Vera Triplett, a professor of counseling at Our Lady of Holy Cross
College, who is a "proud resident of Gentilly Neighborhood" responded to
the footprint debate with comparisons of the 1989 Loma Prieta
earthquake in San Francisco and 9/11 in New York City:

"I've never heard anyone ask whether their city would come back,"
she said. "I take that as an insult....This is my home. I have every right
to come back to it. And I'll come back no matter how many times it
floods."

But Triplett isn't just talk. She is one of many local individuals
in a number of different projects to step forward to lead the recovery
of her neighborhood. After starting the Gentilly Civic Improvement
Association, which aims to give residents a voice in the rebuilding
their neighborhoods, she later represented Gentilly in the Rebuilding
New Orleans Initiative funded by the Rockefeller Foundation. The
initiative developed the United New Orleans Plan (UNOP), which was
accepted by the city council and adopted as the city's master plan in
2007.

UNOP addresses specific actions necessary to facilitate the recovery and rebuilding of New Orleans through input from local citizens instead of just the technicians, politicians and wealthy landowners.

"People came in with questions and concerns," said Triplett in an interview with American City magazineon the UNOP process. "That's when I first began to see some of the pain
and distress, frustration and sheer exhaustion. Not a lot of people
understood what the people of New Orleans were going through....We
provided practical things like public transportation, childcare and two
full meals....The other integral thing was that there were entertainment
breaks. Little personal dance breaks to make people feel better."
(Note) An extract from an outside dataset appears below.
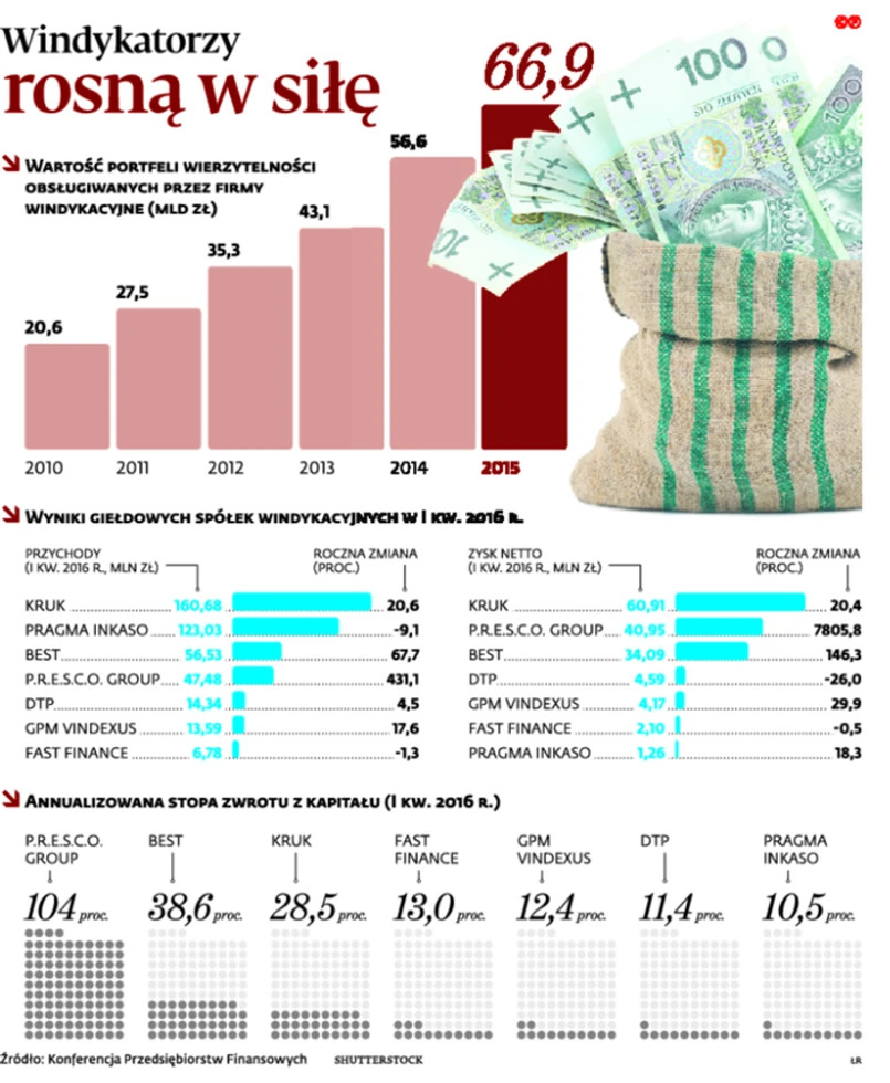 Choć długotrwały i żmudny proces odzyskiwania wierzytelności jest dla działających w branży firm bardzo zyskowny. W 2015 r. wynik netto Kruka, lidera rynku, który kupuje kilkanaście procent oferowanych na rynku wierzytelności, wyniósł 204 mln zł, przy przychodach operacyjnych na poziomie 611 mln zł. Best osiągnął 141 mln zł przychodów i zysk netto w wysokości 82 mln zł. W I kw. tego roku rentowność kapitałów obu firm wynosiła 30–40 proc. Mniejsze firmy są zwykle również mniej dochodowe, ale w żadnej zwrot z kapitału na początku roku nie wynosił mniej niż 10 proc. Dla porównania w giełdowych bankach było to średnio 6,6 proc.

Many other good things have occurred over the past five years,
which have made Orleanians proud and outsiders amazed, according to city
planners. Various independent political entities (the city, parishes,
neighborhoods and the state) are now working together toward recovery.
The city's newspaper has improved its coverage and transparency. Schools
that were demolished are being re-built and re-organized into charter
schools and private schools with vastly improved curricula. Unemployment
is only five to six percent due to the vast amount of rebuilding and
thanks to the billions of federal dollars that have come in for roads,
housing and other reconstruction projects-although much more is needed.
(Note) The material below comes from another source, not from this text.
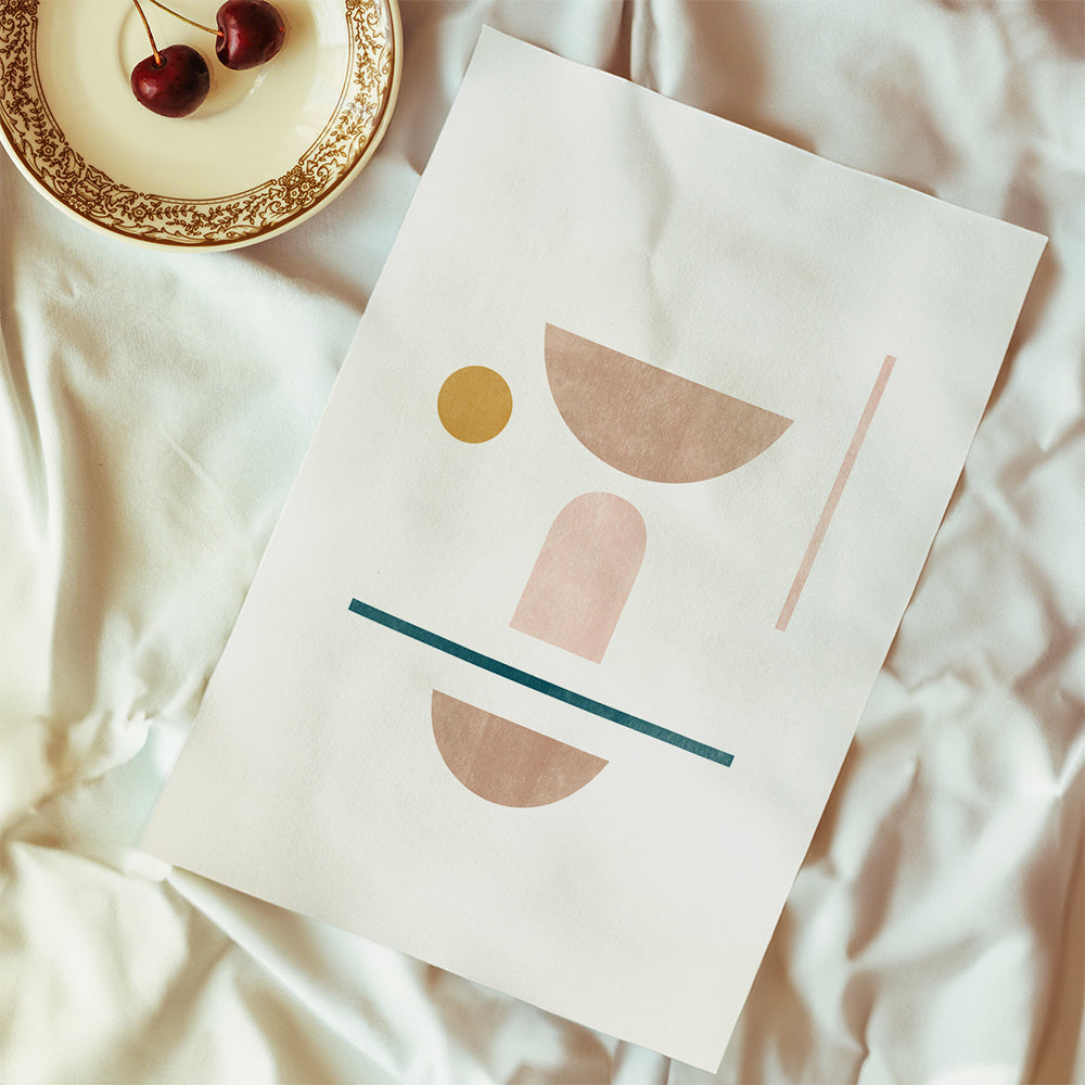 Un poster ispirato alla collezione di quadri geometrici, dell'artista Kookie Pixel, dalle sfumature blu, e con orientamento verticale. L'arte geometrica è uno stile raffinato per la decorazione delle pareti di casa. La personalità di una casa passa per le sue pareti.

City Park, a 1300-acre urban park, the seventh largest in the
country and bigger than New York's Central Park suffered $43 million
worth of damage. Katrina took down 1,000 trees including many live oaks.
Piles of debris, some measuring 30 to 40 feet high, were collected in
the park and later hauled away. The park's executive director, Bob Beck,
almost single-handedly raised millions of dollars to rebuild the park
and has succeeded in bringing much of it back to its former splendor.

Piazza does not shirk from acknowledging New Orleans' many problems, many of which were there before
Katrina: crime, corruption, bad schools, extreme poverty, racism and
the stark mismanagement of the city as well as the threat of violent
weather and the loss of wetlands. Things were definitely turning around
for the city although city planners admit that recovery will probably
take 20 years. Then came the oil spill, which threatens fishing, tourism
and the loss of wildlife in the Gulf and the bayous.

Clearly, a loss of New Orleans would be a tragedy so I pray that
Orleanians--and people in the entire Gulf region--get through this latest
dreadful crisis. I suspect they'll do it through deliberate citizen
action and participation and in the spirit of New Orleans that defiantly
declares: "I'm here, I'm still alive and I'm willing to take whatever
comes. What a model of recovery from disaster for all Americans!